Utilizing a 10 camera Real-time Eagle Motion Analysis system, researches and physicians at Mayo Clinic worked with twelve individuals who were experienced manual wheelchair users, to determine the demands that manual wheelchair use places on the shoulders. Upper extremity kinematics and handrim wheelchair kinetics were measured over level propulsion, ramp propulsion, start and stop over level terrain, and a weight relief maneuver. Shoulder intersegmental forces and moments were calculated from inverse dynamics for all conditions.

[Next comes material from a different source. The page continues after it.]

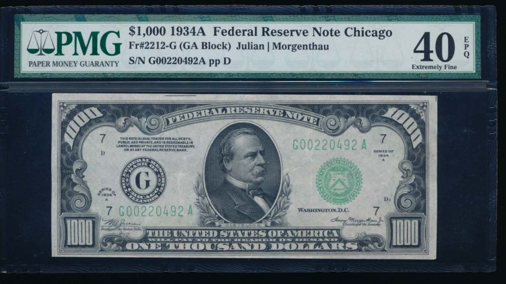One 1934A $1000 Chicago Federal Reserve Note PMG 40EPQ.
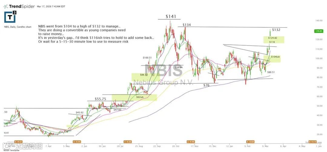 NBIS自104美元涨至132美元高位,建议加强仓位管理。公司正推进可转债融资,当前处于昨日跳空区间内。若116美元支撑有效,可考虑分批回补;或以5–15–30分钟图低点作为风控参考。

There was a significant main effect of condition for the shoulder intersegmental forces in four of the six force directions: anterior (p=.001), posterior (p<.001), medial (p=.003), and superior (p<.001). There were no observed shoulder inferior forces during any of the conditions, so the direction was removed from the analysis. Post-hoc analysis indicated that in the ramp condition the anterior force was significantly higher than level, weight relief, start, and stop; and the posterior force of the ramp and weight relief conditions were significantly higher than level, start, and stop. Additionally, the weight relief medial force was significantly higher than level, start, and stop, but not different from ramp. The weight relief superior force was significantly higher than level, ramp, start, and stop. The level, start, and stop conditions were statistically equivalent for all force directions. There was no main effect of condition for the shoulder lateral force (p=0.334).
This study provides characterization of daily living and mobility activities associated with manual wheelchair propulsion not previously reported and identifies activities that result in higher shoulder kinetics when compared to standard level propulsion.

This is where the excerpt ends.